Sure I do, but it's totally irrelevant. Droplet size is not a factor in steam quality. Smaller droplets will stay suspended longer, that's all.

But I pardon me, that i should make this specification but i thought that it was too obvious and this is a common sense, that people can make a difference for liquid water and wetness of steam, but obviously I was wrong.

Nope. I have a concept of wet steam that spans all the way from fine mist to what is mostly water. It can be quite unhomogeneous. What is key is that it is all in thermal equilibrium. Wet steam is saturated steam, at the appropriate temperature for the pressure. It responds to heating or cooling by evaporation or condensation.

But i think that here is your trouble that since you do not have any understanding of the droplet size, that differentias spilled water from wet steam.

I originally thought of liquid water below dryer steam, but, really, this is mostly an irrelevant distinction.

But, instead of talking this absolutely ridiculous "very wet steam", then could you show at least one link that demonstrates steam quality that is less than 90% in around 100°C. But I think that you just pick ideas from, Joshua, Steven and Peter, but do not really understand what these basic concepts are meaning.

No, I got none of these ideas from others. I came up with overflow water on my own, then observed it in the writing of others. I also came up with the realization, then, that overflow water, if there was significant steam flow, would be atomized by the flow, at the orifice. It would form fine droplets.

If the steam is very wet, it is carrying far less energy, so it will condense much more rapidly in the hose.

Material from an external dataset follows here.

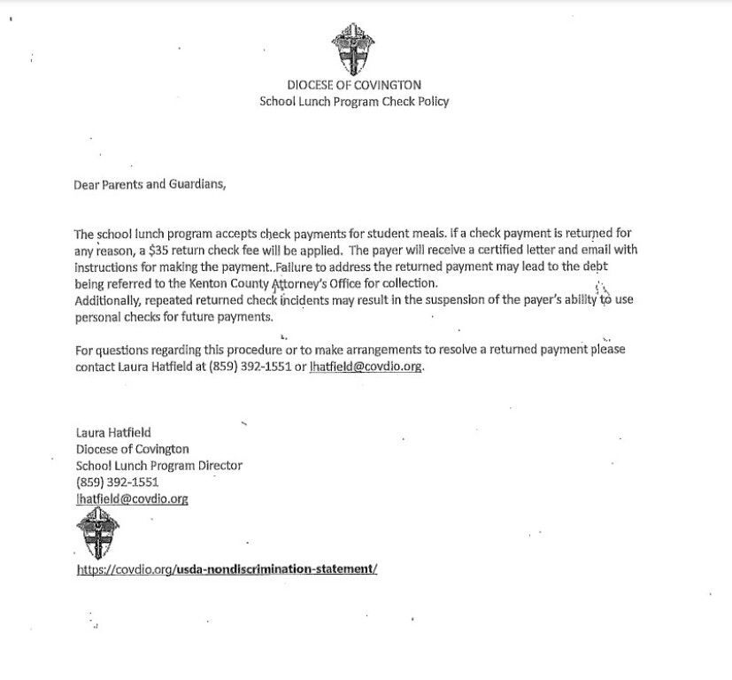 Returned Check Policy for the Diocese of Covington:

Like I previously said, in normal tea pot, cutting forces that causes water to be "atomized" are far larger than in E-Cat and still ALL TEA POTS IN THE WORLD, produces good quality steam such as 98%.

No tea pot I have ever seen does what the E-cat does, if there is overflow water. Imagine a whistling teapot with water feed from a pump. All the water is at boiling, and the steam, forced through a small opening, has substantial velocity. What will happen if the water level rises to the level of the opening? As it rises, the water doesn't submerge the opening, because, as a tiny bit of water peeks above the lip of the opening, it's blown out by the stream of steam. Presto. Very wet steam. How wet depends on the ratios.

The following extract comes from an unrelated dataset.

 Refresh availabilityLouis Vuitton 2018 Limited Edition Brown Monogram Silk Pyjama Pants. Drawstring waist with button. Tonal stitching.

The reason for this is, because you do not get very wet steam by boiling, but in order to make very wet steam, you need to have first of all high velocity steam and then you need to have aggressive cooling of the steam so that pressure and temperature drops few megapascals rapidly.

While this may be a way to make large quantities of wet steam. An atomizer works with a bulb squeezed by hand and some water fed into the air flow. A mister. The idea that this takes very high pressures and velocities is nonsense.

If one wanted to experiment with this, just set up an electric boiler with an outlet like the Rossi reactor, pump water in until it's overflowing. Then heat the water with enough heat to raise that flow to boiling temperature and above. You start out with liquid water, which gradually is raised to the boiling point. If it's total liquid water flowing out unvaporized, at the boiling point, that could be called "saturated steam" of 0% quality. As the heating increases, the steam quality will increase. At the lowest qualities, we have mostly liquid water, but at a few percent vapor, the volume of the vapor is so great that the volume becomes mostly vapor, and this will carry the water with it. I'm claiming that the water, even at 95% of the mass, will be as small droplets. It would look like steam, except to a practiced eye, which would notice the lack of a "dry steam gap."

This also how fog is created, when air temperature drops below dew point. But boiling does not produce fog, but it is the contrary, the cooling of the steam. And if you want high water content for the fog in temperatures above 100°C, you need to have very high velocities. (Pressure difference measured in megapascals)

No. Not "very high." That depends on droplet size.

Very wet steam is analogous for super cooled liquid water. Where water stays below freezing, because it has high velocity such as in rapids. You may get very wet steam, e.g. 60% quality steam, in steam turbins, where high pressure steam is cooling rapidly, but velocity is still high. In some experimental settings, i think that even 10% quality steam has been produced, when they have tested steam quality measurement instruments.

Very wet steam will not stay suspended for as long. And boilers are not designed to be atomizers. They simply never raise water into the outlet steam.

Ps. Since there is not much references for "vet wet steam", most of the conclusions here are my own. Therefore, this message may contain minor errors in some details.

Yup. I do not know what droplet size is likely. As the heating raises the water to boiling, and as steam starts to be generated, the water is at first coming out as a solid stream of liquid. But as the steam velocity increases, that will be broken up. The faster the steam, I'd expect, the finer the droplets.